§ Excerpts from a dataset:
============

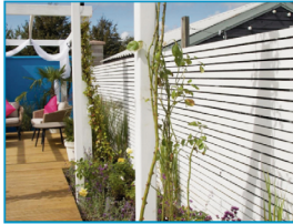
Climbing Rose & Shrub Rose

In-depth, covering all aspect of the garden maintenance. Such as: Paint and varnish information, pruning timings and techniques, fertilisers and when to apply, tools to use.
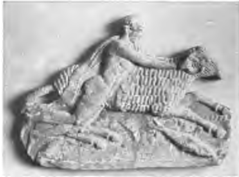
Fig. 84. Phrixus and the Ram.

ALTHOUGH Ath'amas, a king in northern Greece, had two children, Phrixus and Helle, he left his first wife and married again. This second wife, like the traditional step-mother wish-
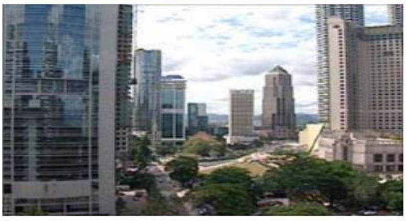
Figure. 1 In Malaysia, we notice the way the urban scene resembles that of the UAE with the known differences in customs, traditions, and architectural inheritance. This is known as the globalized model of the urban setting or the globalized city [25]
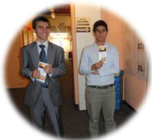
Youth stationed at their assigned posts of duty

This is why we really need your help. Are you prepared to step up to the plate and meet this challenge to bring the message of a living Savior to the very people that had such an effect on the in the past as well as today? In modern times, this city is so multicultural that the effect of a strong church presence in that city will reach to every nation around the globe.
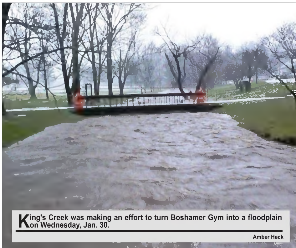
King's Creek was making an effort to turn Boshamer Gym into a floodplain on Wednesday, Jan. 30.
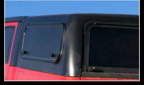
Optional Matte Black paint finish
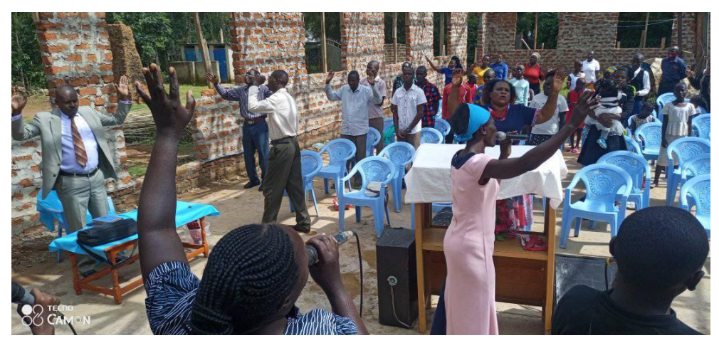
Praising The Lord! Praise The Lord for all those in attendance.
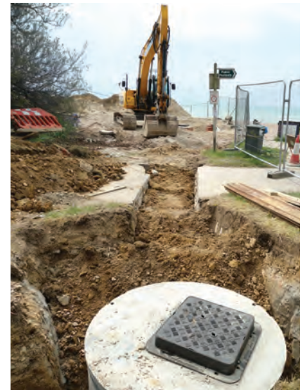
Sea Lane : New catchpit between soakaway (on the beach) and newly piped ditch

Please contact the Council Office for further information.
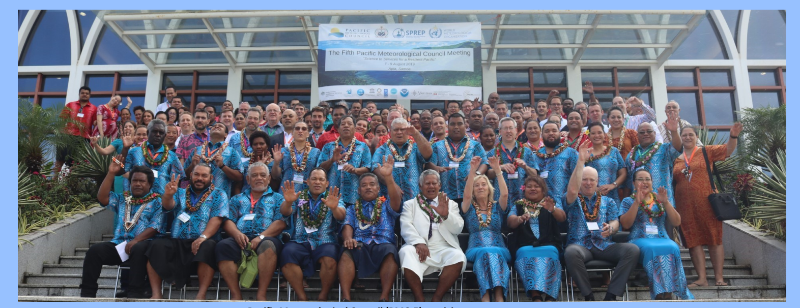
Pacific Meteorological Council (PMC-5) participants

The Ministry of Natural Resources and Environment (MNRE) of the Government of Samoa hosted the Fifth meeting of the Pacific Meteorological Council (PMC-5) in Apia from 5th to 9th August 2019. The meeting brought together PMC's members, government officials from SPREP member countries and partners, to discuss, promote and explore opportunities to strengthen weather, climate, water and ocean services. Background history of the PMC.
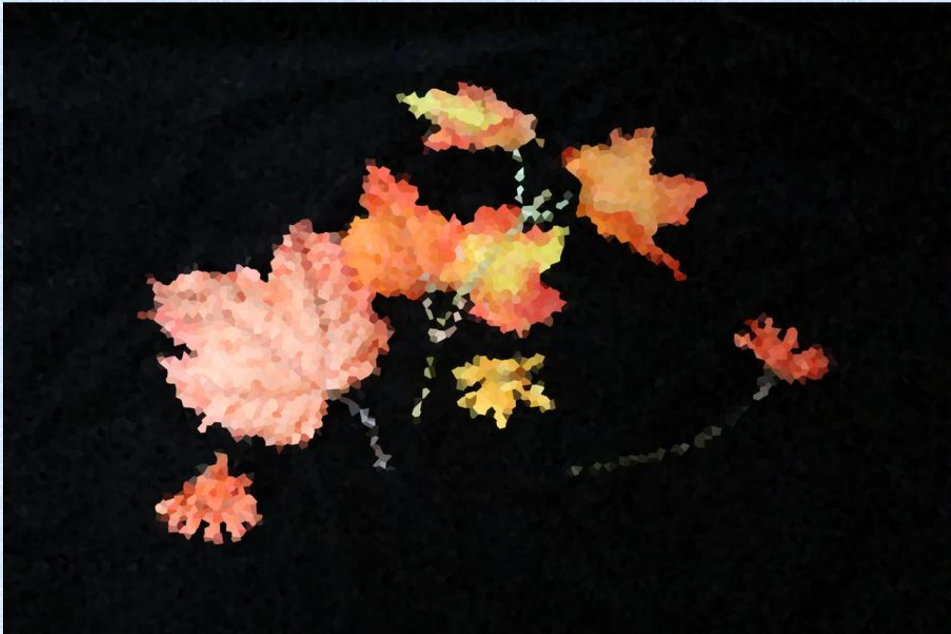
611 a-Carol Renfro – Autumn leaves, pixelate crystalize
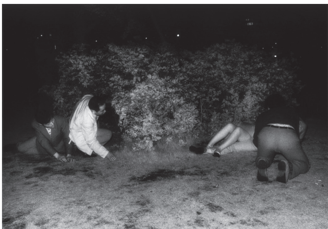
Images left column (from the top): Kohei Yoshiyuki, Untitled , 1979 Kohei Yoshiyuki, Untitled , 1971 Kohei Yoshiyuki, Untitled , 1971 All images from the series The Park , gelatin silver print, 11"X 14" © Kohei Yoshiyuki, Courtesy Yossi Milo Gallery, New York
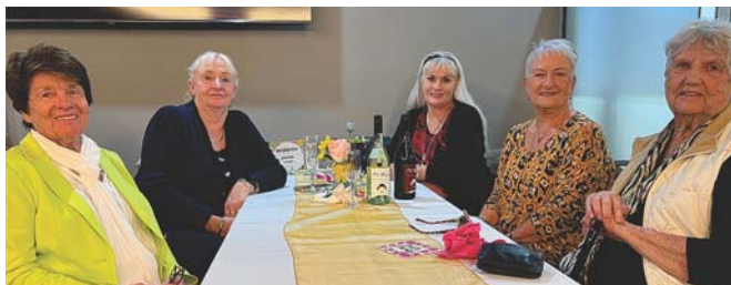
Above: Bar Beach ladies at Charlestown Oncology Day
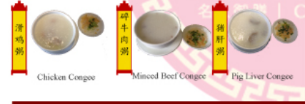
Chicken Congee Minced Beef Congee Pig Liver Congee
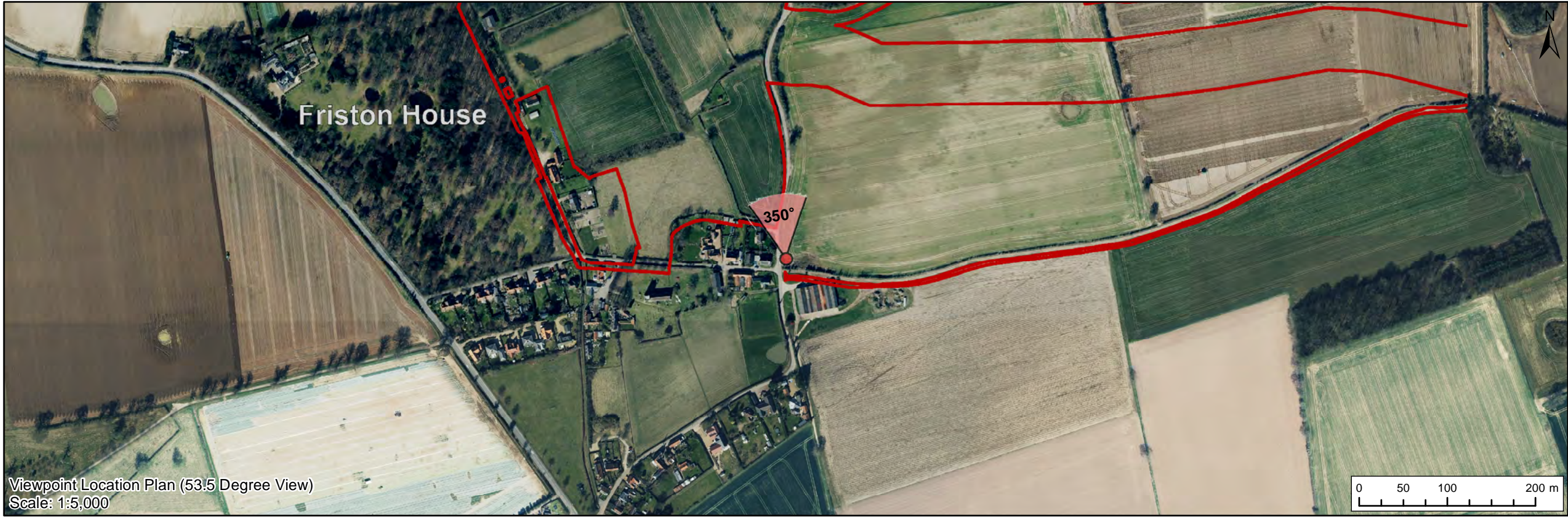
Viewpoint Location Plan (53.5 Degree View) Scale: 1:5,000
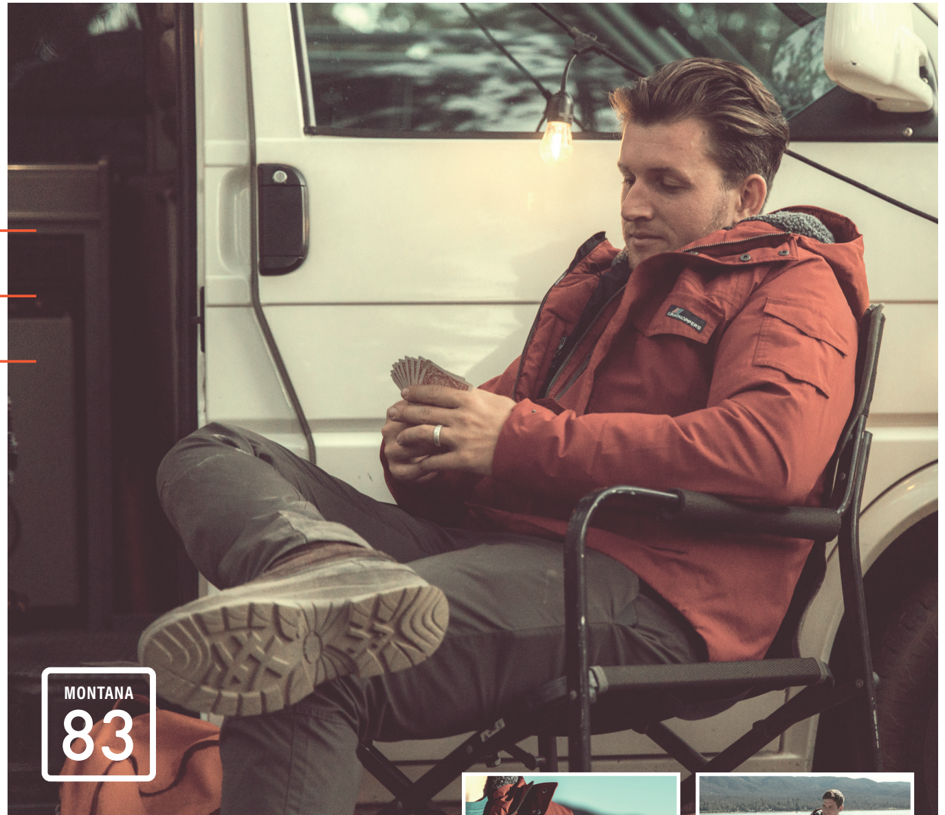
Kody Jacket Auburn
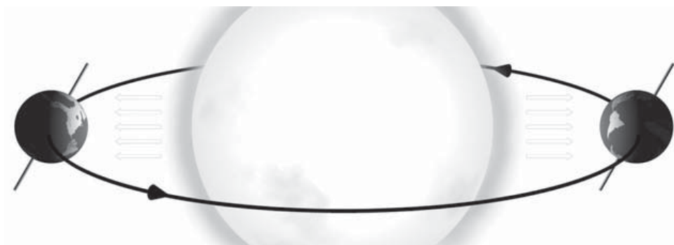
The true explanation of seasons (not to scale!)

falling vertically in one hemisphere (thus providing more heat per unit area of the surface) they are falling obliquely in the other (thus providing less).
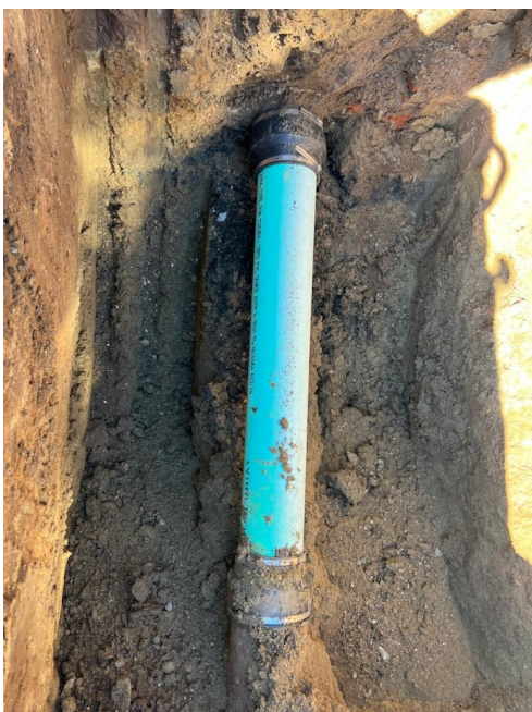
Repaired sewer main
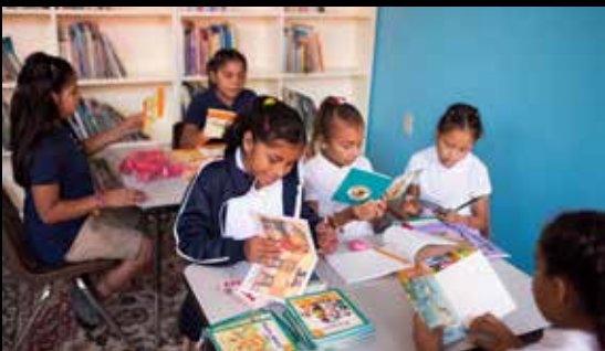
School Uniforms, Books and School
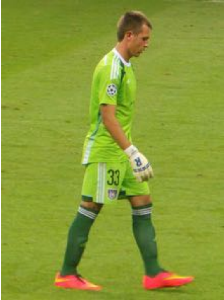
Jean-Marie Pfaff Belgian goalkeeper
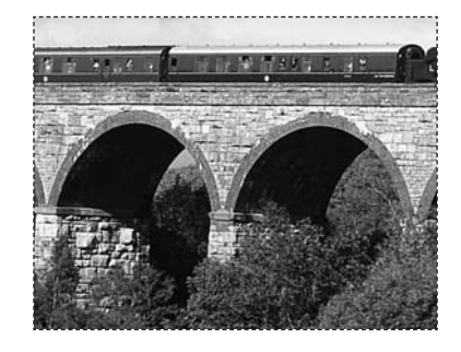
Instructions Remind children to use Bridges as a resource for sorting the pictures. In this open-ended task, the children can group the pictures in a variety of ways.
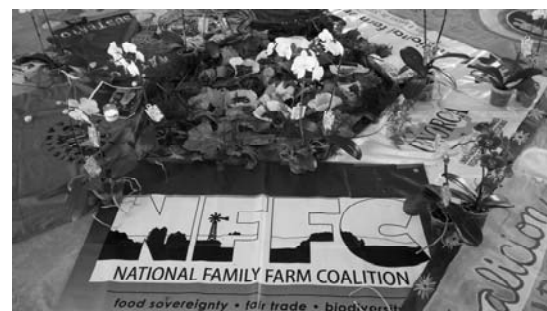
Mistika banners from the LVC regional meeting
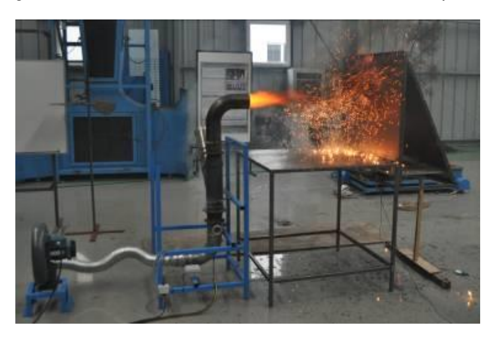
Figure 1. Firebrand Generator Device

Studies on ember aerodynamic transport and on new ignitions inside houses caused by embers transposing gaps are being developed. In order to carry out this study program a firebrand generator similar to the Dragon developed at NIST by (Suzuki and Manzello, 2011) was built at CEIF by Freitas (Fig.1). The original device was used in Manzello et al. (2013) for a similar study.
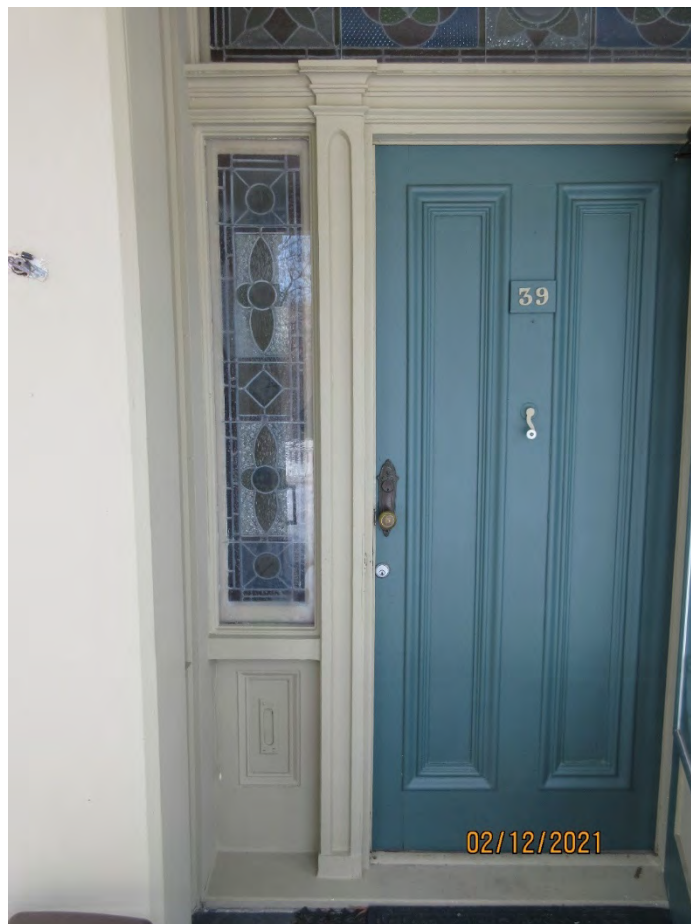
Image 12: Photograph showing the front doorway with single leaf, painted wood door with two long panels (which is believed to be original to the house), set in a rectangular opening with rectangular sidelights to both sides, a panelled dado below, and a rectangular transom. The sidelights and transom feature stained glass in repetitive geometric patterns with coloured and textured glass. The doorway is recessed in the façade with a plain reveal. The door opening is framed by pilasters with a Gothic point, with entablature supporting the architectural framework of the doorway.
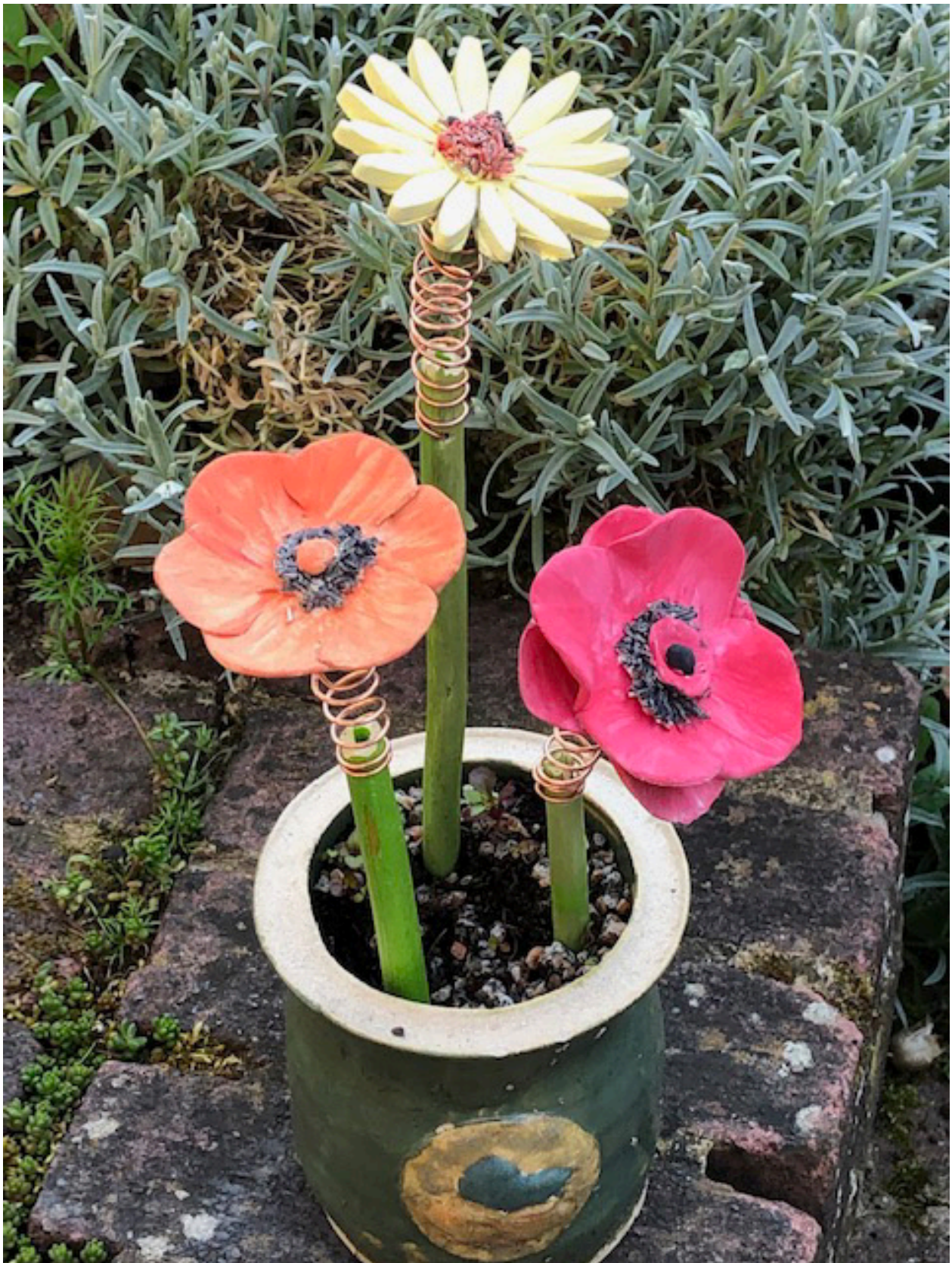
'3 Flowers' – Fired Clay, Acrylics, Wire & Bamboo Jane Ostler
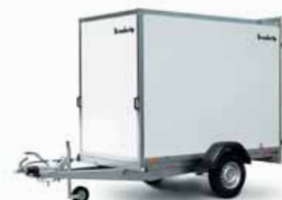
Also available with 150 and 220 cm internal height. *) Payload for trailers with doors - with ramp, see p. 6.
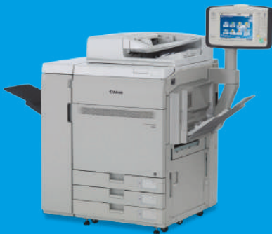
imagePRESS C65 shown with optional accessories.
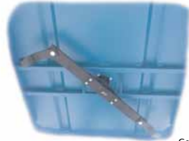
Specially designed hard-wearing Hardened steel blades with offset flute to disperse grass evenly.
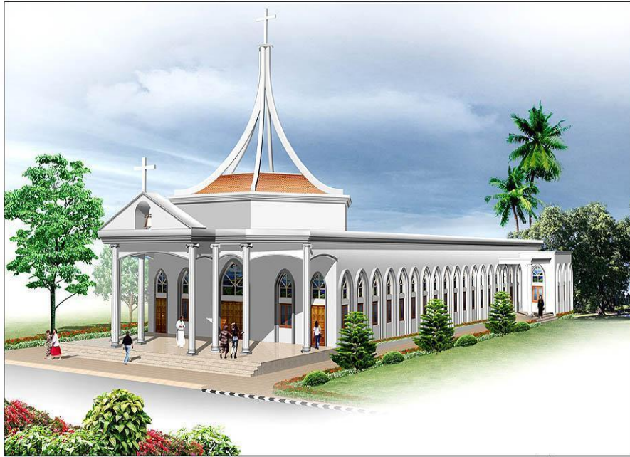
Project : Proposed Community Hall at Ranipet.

============

§ TASK INSTRUCTIONS: Above are entries with pictures among them. Write out exactly the lines from the one containing "The true explanation" through the one containing "Figure 1. Firebrand Generator Device", ends included, and leave those pictures out.

§ RESPONSE TO THIS TASK:
The true explanation of seasons (not to scale!)

falling vertically in one hemisphere (thus providing more heat per unit area of the surface) they are falling obliquely in the other (thus providing less).
Repaired sewer main
School Uniforms, Books and School
Jean-Marie Pfaff Belgian goalkeeper
Instructions Remind children to use Bridges as a resource for sorting the pictures. In this open-ended task, the children can group the pictures in a variety of ways.
Mistika banners from the LVC regional meeting
Figure 1. Firebrand Generator Device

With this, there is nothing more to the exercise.